Every week we had VC down issue and when we login using the SSH , noticed the VPXD service was stopped and when tried to stop it was getting failed. Using the vMon log , noticed it was showing the permission error on the cloudvm-ram-size.log which supposed to be “root cis” but it got changed to the “root root”. Once we change the permission to “root cis” it is allowing to start the VPXD service and VC came online.All our other VC is having “root cis” but VMware Engineer confirmed that in their lab VC few VCs are “root root” and others were “root cis”
Same kind of symptoms were happening every week and we couldn’t find what is causing the permission issue and involved the VMware support but no luck. At one point we moved from the permission issue and started looking for other issue and involved senior VMware engineer but couldn’t find any concert root cause for the VPXD crash.

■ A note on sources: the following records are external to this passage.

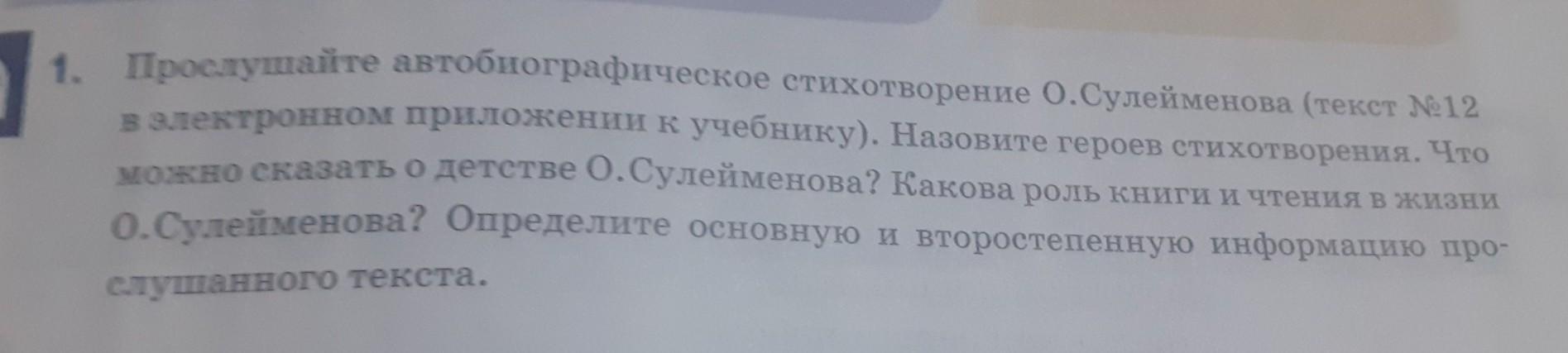 1. Прослушайте автобиографическое стихотворение О.Сулейменова (текст №12 в электронном приложении к учебнику). Назовите героев стихотворения. Что можно сказать о детстве О.Сулейменова? Какова роль книги и чтения в жизни О. Сулейменова? Определите основную и второстепенную информацию про- слушанного текста.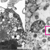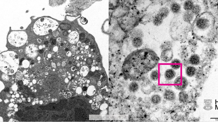 HKUMed’den yapılan açıklamada, araştırmacılar tarafından SARS-CoV-2 virüsünün Omicron varyantının elektron mikroskobu görüntüsünün ortaya çıkarıldığı belirtildi. Üniversite tarafından yayınlanan fotoğrafın solunda, küçük siyah viral partiküller içeren şişmiş veziküllerle hücre hasarını gösteren, SARS-CoV-2 Omicron varyantı ile enfeksiyondan sonra bir maymun böbrek hücresinin (Vero E6) düşük büyütmeli elektron mikrografının yer aldığı ifade edildi. Fotoğrafın sağında ise yüzeylerinde korona şekilli sivri uçlara sahip viral partikül kümelerini gösteren enfekte bir Vero E6 hücresinin yüksek büyütmeli elektron mikrografının yer aldığı belirtildi.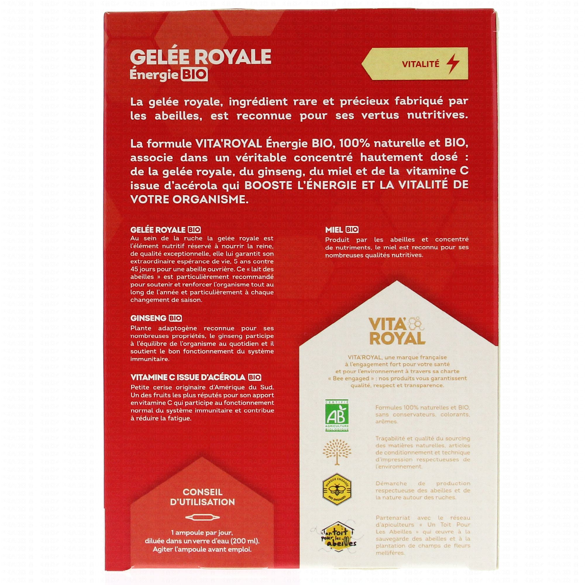 VITAVEA Vita'Royal Gelée Royale Energie Bio 10 ampoules contient les éléments suivants :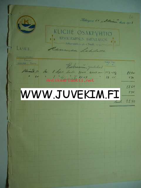 Kliché Osakeyhtiö Kemigrafinen Taidelaitos Helsinki 31.7.1913 -asiakirja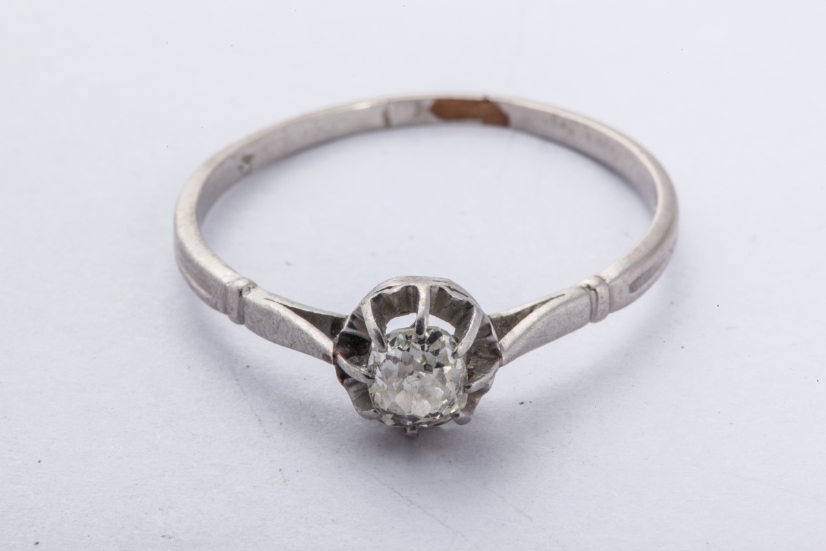 BAGUE en platine, centrée d'un diamant de taille ancienne (environ 0,25 carat).

After few weeks we have noticed our VC suddenly became very slow and after the login credentials it was searching something and cant login , at one point VPXD got stopped and this time we tried stopping the entire service and started all the service without changing the file permission of cloudvm-ram-size. All the services including the VPXD started without any issue so our focus changed from the file permission to the VPXD crash.
After uploading the logs to VMware they identified ssome repeated offline storage IOFilterProviders on multiple vCenters, which is something they asked to clean up just to eliminate some unnecessary warnings KB: https://kb.vmware.com/s/article/76633?lang=en_US and also from the session they identified lot of request from one particular IP which is hitting the VC and identified it is from our dashboard reporting server and we stooped the service to eliminate the issue.
VC was running fine after we stopped the reporting server from hitting the VC but again after around one week VC became very slow and this time we noticed all other 4 VCs which is connected to the same domain vsphere.local went slow and almost took 15 mins for other VCs to recover and came normal but the problematic VC went down with same symptoms . This time ticket was escalated and VMware engineering team got involved and started reviewing the logs.
While engineering is completing their review for the permission changes, we can most certainly tidy up the SSO environment. VCenter log bundles indicate the presence of external PSCs. We should be cleaning up any and all residual references to these external PSCs as all 5 vCenters should be running on an embedded PSC.It looks like even though long time back we retired the external PSC the old entries still present on all the VCs.
VMware recommended to take either powered off snapshots or if we are unable to take that downtime, we can stop the vmdird service on all 5 vCenters, take the 5 snapshots, and then start the vmdird service on all 5 vCenters.
So as per VMware we cleaned up the old PSC and again VC was running without any issue for one week but still ended up with same issue.This time VMware recommended to enable the below option to capture the VPXD dump for more details.
- Backup the vmon config:
# cp /etc/vmware/vmware-vmon/config.json /etc/vmware/vmware-vmon/config.json.bak
- Edit the vmon config:
# vi /etc/vmware/vmware-vmon/config.json
- Change the following line to true,
“DumpLiveCoreOnApiHealthFail” : false,
- Restart the vmon service (this will take down the vpxd and vsphere-ui services, so scheduled downtime is recommended):
# service-control –restart vmware-vmon
Again same story VCenter went down again and from the VPXD crash dump, VMware requested to detect the latency between vCenter server and AD ( https://kb.vmware.com/s/article/79317) if the issue happens again to check if the slowness is because of the domain controller but things went worst like every two days VPXD started crashing and still the investigation was on without any fix.
Our vCenter was running 184.108.40.206000 old version because we have cloud stack with front end for our internal cloud which officially supports only up to vCenter Appliance 6.7 Update 3g (220.127.116.11000) so we don’t want to upgrade our VC without vendor approval , since the situation went very bad and also noticed few VPXD related fixes in the vCenter Appliance 6.7 Update 3m version , we took decision on upgrading the VC to the 3m (18.104.22.168000) version.
On the same week VMware released the security related new version 22.214.171.124000 so we decided to go with the latest version and upgraded all the VCs. After the upgrade, for past more than 3 weeks VC is running fine without any issue which is our recent vCenter highest uptime but still, we are not sure why the VPXD was crashing and reason for the cloudvm-ram-size.log permission change , finally upgrade made the environment stable and back to the track.